By March 2012, SD was very upset and concerned about the decline in HV’s
behavior at school as well as his lack of academic progress. R. 2553. On March 6,
she met to discuss HV’s situation with Steven Nolan, the principal of Lincoln Middle
School; Suellyn Santiago, the school’s Assistant Principal; Deb Mullis, HV’s case
manager; and Jayne Boulos, the school psychologist.
Id.
At the meeting, SD
expressed her opinion that nothing the school was doing was working, noting in
particular that Maryanne Scally was not helping HV, that he was not benefiting from
the Wilson program, and that she did not want Scally working with HV anymore.

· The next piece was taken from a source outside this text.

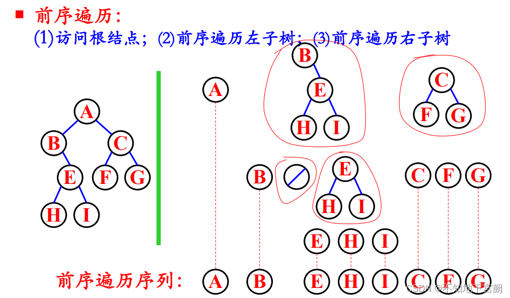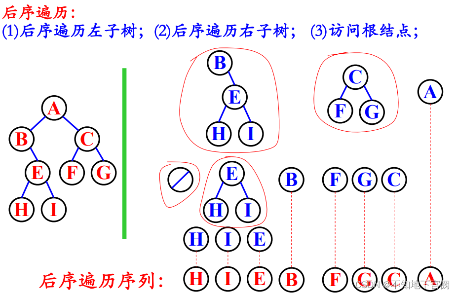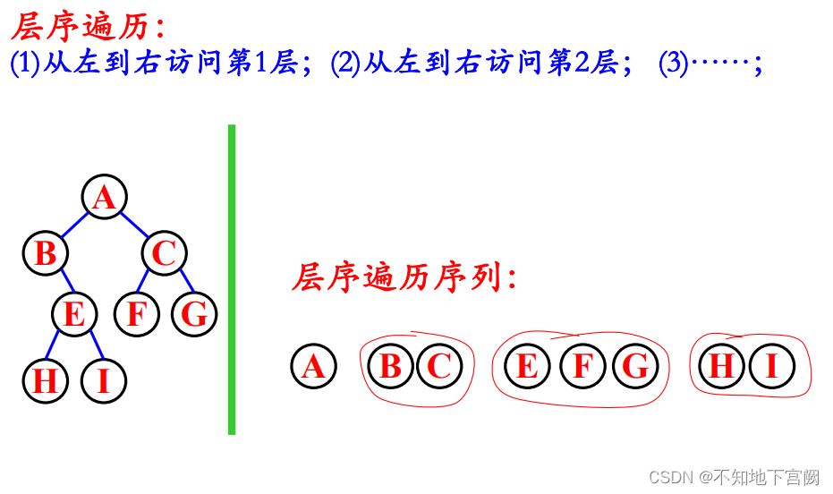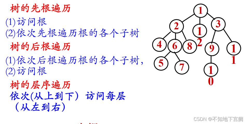 前序、中序、后序就是访问根节点的时机。层次序就是按顺序访问。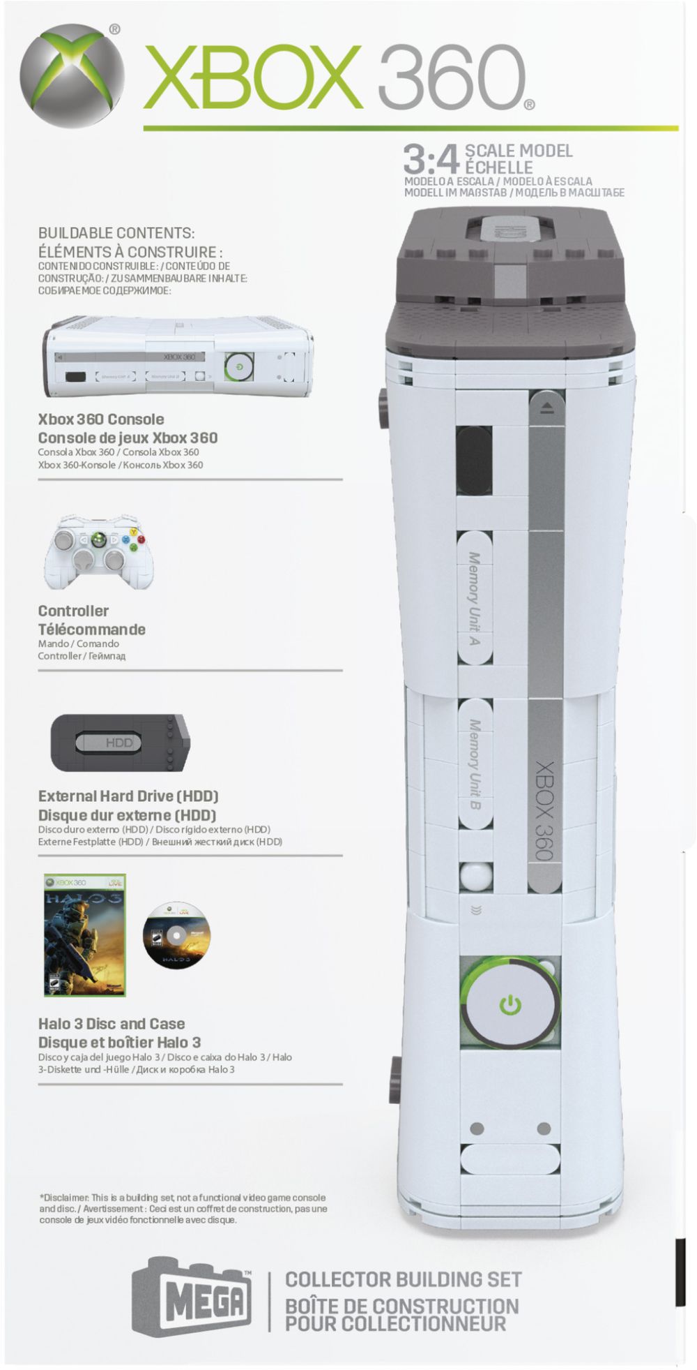 Tato sběratelská stavebnice MEGA je inspirována nejznámější herní konzolí své doby a oslavuje odkaz konzole Xbox 360. Vraťte se do hry s plně sestavitelnou, svítící konzolí a ovladačem. Konzole se otevře a odhalí diskovou mechaniku (a další tajné ukryté informace) vložte dovnitř disk s motivem Halo 3 a aktivujte základní desku.

Id.;
R. 2870-73. She also insisted on removing HV from his English and Social Studies
classes because she felt that those teachers, Gail Hood and Nancy Chard, were not
meeting HV’s learning style. R. 2685-86; R. 2872. SD threatened to pull HV out of
Lincoln altogether unless she “saw some changes.” R. 2872. The only other Wilson
instructor available at Lincoln was not certified, and therefore SD refused to have
that instructor work with HV. R. 2871. Deb Mullis suggested switching HV’s reading
instruction from the Wilson program to a different program called “System 44,” a
reading program similar to the Wilson program except that it was not multi-sensory.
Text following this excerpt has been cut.